■ THE PROBLEM ■
Among the entries below, please repeat exactly and only the lines from the line containing "ffmpeg -re -i" to the line containing "Catherine McKenna, in", both lines included.
### PROVIDED MATERIAL
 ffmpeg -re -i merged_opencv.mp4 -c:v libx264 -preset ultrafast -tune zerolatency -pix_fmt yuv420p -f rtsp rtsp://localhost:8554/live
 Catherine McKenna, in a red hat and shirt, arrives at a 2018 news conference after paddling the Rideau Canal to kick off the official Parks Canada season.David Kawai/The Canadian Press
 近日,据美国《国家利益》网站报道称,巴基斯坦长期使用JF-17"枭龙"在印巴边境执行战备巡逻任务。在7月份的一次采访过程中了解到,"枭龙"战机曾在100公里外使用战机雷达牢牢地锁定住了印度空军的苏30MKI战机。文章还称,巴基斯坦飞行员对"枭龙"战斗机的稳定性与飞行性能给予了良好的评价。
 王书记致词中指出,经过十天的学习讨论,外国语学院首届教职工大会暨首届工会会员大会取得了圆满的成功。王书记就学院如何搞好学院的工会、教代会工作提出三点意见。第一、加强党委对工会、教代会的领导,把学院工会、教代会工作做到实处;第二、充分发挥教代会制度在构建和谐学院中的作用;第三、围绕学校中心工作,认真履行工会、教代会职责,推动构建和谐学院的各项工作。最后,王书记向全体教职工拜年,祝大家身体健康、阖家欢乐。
######
### PROVIDED MATERIAL
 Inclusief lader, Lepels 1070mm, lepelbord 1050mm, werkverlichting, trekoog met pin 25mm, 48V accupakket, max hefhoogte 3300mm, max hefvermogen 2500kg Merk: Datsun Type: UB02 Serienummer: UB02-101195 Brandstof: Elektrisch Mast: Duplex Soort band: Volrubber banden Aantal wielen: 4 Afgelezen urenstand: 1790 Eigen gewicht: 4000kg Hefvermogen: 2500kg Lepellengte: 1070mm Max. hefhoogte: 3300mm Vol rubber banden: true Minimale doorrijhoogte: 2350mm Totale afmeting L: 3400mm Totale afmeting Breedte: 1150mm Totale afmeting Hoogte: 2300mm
######
■ WRITTEN RESPONSE ■
 ffmpeg -re -i merged_opencv.mp4 -c:v libx264 -preset ultrafast -tune zerolatency -pix_fmt yuv420p -f rtsp rtsp://localhost:8554/live
 Catherine McKenna, in a red hat and shirt, arrives at a 2018 news conference after paddling the Rideau Canal to kick off the official Parks Canada season.David Kawai/The Canadian Press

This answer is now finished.